Without diving to much into the code that overall makes sense. We need to start our process. We generate and keep doing until out of tokens or the model says END.

Notice we added dropwizard metrics.

forward1 = abstractModel.metricRegistry.histogram("sample.foward1");
dotprod2 = abstractModel.metricRegistry.histogram("sample.dotproduct2");
fullSample = abstractModel.metricRegistry.histogram("sample.fullsample");

We want to know where the most time elapses, so we created a series of histograms. These are awesome at tracking time and percentiles. Like so:

    long start = System.nanoTime();
    try (AbstractTensor embedding = layerNorm.forward(output)) {
        long afterForward = System.nanoTime();
        forward1.update(Math.abs(afterForward - start));

We have one histogram over the entire sample method and we introduced two other ones tactically in places that looked computationally heavy. Now, here goes the fun part!

public int sample() {
    long start = System.nanoTime();
    try (AbstractTensor embedding = layerNorm.forward(output)) {
        long afterForward = System.nanoTime();
        forward1.update(Math.abs(afterForward - start));

        VectorMath.pchunk(0, abstractModel.config.vocabularySize, (chunkStart, chunkSize) -> {
            abstractModel.configurableTensorProvider.get()
                    .dotProductChunk(logits, embedding, abstractModel.sampleOutput.getOutputLogitsWeights(), 0,
                            abstractModel.config.embeddingLength, chunkStart, chunkSize);
        }, abstractModel.configurableTensorProvider.get().parallelSplitSize());
        long afterDotProductChunk = System.nanoTime();
        dotprod2.update(Math.abs(afterDotProductChunk - afterForward));

        if (abstractModel.config.logitMultiplier != null) {
            CausualWhisperer.LOGGER.debug("scaling logits logitMultiplier: {}", abstractModel.config.logitMultiplier);
            abstractModel.configurableTensorProvider.get().scale(1.0f / abstractModel.config.logitMultiplier,
                    logits, 0, abstractModel.config.vocabularySize);
        }
        int maxi = Integer.MIN_VALUE;
        double maxv = Double.NEGATIVE_INFINITY;
        for (int i = 0; i < abstractModel.config.vocabularySize; i++) {
            float v = logits.get(0, i);
            if (abstractModel.config.finalLogitSoftCapping != null) {
                v /= abstractModel.config.finalLogitSoftCapping;
                v = (float) FastMath.tanh(v);
                v = v * abstractModel.config.finalLogitSoftCapping;
                logits.set(v, 0, i);
            }
            if (v > maxv) {
                maxi = i;
                maxv = v;
            }
        }
        if (temperature == 0.0) {
            CausualWhisperer.LOGGER.debug("temperature at 0 returning maxi {}", maxi);
            return maxi;
        }
        float sum = 0;
        for (int i = 0; i < abstractModel.config.vocabularySize; i++) {
            float v = (float) FastMath.exp((logits.get(0, i) - maxv) / temperature);
            sum += v;
            logits.set(v, 0, i);
        }
        float acc = 0;
        for (int i = 0; i < abstractModel.config.vocabularySize; i++) {
            float v = logits.get(0, i) / sum;
            acc += v;
            if (acc >= uniformSample) {
                CausualWhisperer.LOGGER.debug("accumulator {} >= uniformSample {} returning {}", acc, uniformSample, i);
                return i;
            }
        }
        CausualWhisperer.LOGGER.debug("Reached end returning {}", abstractModel.config.vocabularySize - 1);
        return abstractModel.config.vocabularySize - 1;
    } finally {
        long end = System.nanoTime();
        fullSample.update(Math.abs(end - start));
    }
}

It is fairly obvious why temperature =0.0 is fast. Right in the middle of the method we exit early.

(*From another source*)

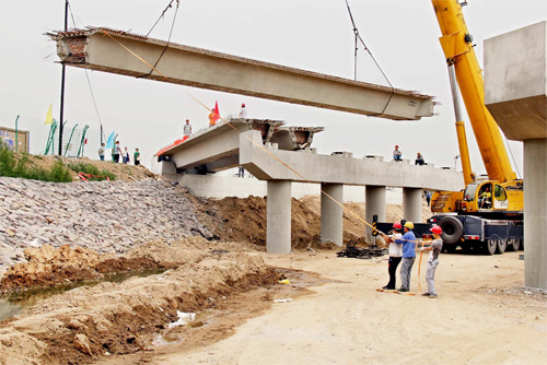 據(jù)了解,牧馬河大橋自開工以來,承擔大橋施工任務的太原市政總公司的建設(shè)者們?yōu)楸4髽蚰馨磿r、按質(zhì)、按量建成而日夜奮戰(zhàn),每天投入100多個工人,分“ 三班”倒施工。據(jù)介紹,目前,大橋進入橋面鋪設(shè)階段,工人們每天幾乎進行的是水、陸、空立體施工。從25日一早開始,1臺大型拖車將1公里外預制的箱梁運來,1臺大型吊車每天張開巨大吊臂在高空輸送箱梁,每個箱梁長為20米、重約60噸,整個橋面共由70塊箱梁組成。據(jù)現(xiàn)場施工技術(shù)人員介紹,過去的牧馬河橋長130米,寬僅有8.5米,嚴重制約著南北向車輛通行。新建的大橋長為140米,7跨30米寬,設(shè)計為雙向四車道。

        if (temperature == 0.0) {
            CausualWhisperer.LOGGER.debug("temperature at 0 returning maxi {}", maxi);
            return maxi;
        }

What if the temperature is not 0? Well first we take a trip through the vocabulary (which can be pretty big)

for (int i = 0; i < abstractModel.config.vocabularySize; i++) {
    float v = (float) FastMath.exp((logits.get(0, i) - maxv) / temperature);
    sum += v;
    logits.set(v, 0, i);
}

Then we take a second pass and we can "short-circuit" if

float acc = 0;
for (int i = 0; i < abstractModel.config.vocabularySize; i++) {
    float v = logits.get(0, i) / sum;
    acc += v;
    if (acc >= uniformSample) {
        CausualWhisperer.LOGGER.debug("accumulator {} >= uniformSample {} returning {}", acc, uniformSample, i);
        return i;
    }
}

In case you were wondering "uniform sample" is a random number. Generator can use a seed to more or less have repeatable random numbers. But that is the magic.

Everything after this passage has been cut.